▶ _Task requirements_
Everything below from the line with "008组中外合办类普通类(物" through the line with "主材:,枚头猪肉450克,切" should be copied exactly, and nothing else; leave out the pictures.

▶ _Record set_
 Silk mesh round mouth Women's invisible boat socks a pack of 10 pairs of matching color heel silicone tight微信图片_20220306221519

* * *

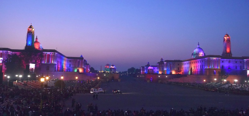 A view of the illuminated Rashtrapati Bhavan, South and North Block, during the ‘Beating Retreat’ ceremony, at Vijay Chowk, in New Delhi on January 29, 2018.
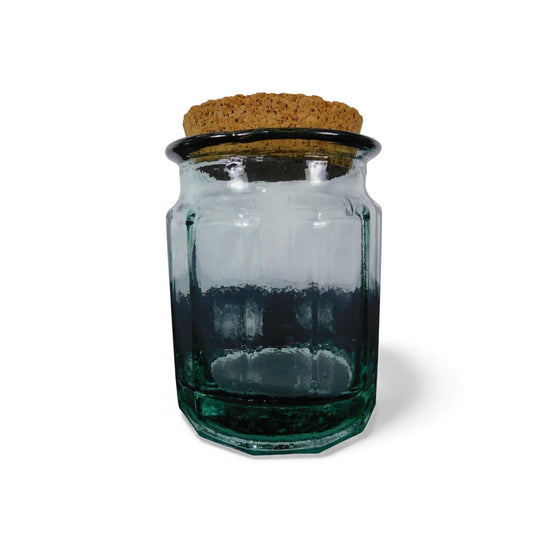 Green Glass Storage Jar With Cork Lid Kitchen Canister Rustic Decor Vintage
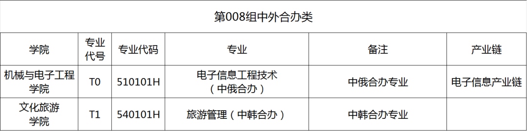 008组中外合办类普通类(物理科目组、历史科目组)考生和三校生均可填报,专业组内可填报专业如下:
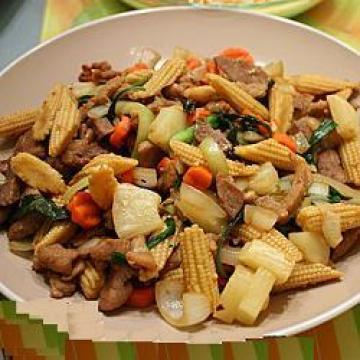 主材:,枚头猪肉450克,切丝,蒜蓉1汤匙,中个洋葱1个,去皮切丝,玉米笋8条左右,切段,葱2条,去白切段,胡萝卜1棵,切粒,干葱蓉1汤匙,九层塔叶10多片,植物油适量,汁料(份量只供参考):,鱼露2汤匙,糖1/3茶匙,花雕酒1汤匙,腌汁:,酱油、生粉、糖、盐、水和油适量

...

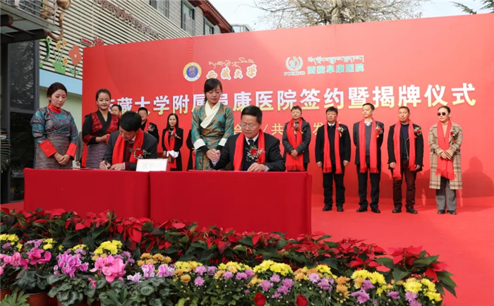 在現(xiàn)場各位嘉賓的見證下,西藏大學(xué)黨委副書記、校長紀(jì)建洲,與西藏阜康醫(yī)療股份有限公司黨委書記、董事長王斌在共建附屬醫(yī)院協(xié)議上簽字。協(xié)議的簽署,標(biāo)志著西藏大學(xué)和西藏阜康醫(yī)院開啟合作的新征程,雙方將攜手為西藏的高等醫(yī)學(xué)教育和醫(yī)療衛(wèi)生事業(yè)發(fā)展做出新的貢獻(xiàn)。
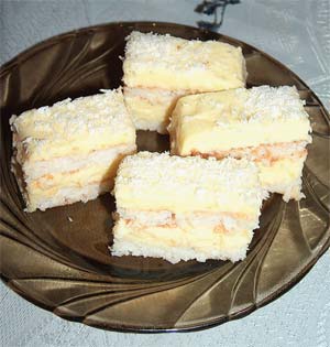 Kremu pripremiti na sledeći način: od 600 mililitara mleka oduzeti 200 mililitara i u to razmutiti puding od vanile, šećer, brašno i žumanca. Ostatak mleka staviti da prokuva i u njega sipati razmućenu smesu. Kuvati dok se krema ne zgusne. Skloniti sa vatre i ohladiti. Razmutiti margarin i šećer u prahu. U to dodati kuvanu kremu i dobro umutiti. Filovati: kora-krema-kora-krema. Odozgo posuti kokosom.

▶ _Result for this exercise_
 008组中外合办类普通类(物理科目组、历史科目组)考生和三校生均可填报,专业组内可填报专业如下:
 主材:,枚头猪肉450克,切丝,蒜蓉1汤匙,中个洋葱1个,去皮切丝,玉米笋8条左右,切段,葱2条,去白切段,胡萝卜1棵,切粒,干葱蓉1汤匙,九层塔叶10多片,植物油适量,汁料(份量只供参考):,鱼露2汤匙,糖1/3茶匙,花雕酒1汤匙,腌汁:,酱油、生粉、糖、盐、水和油适量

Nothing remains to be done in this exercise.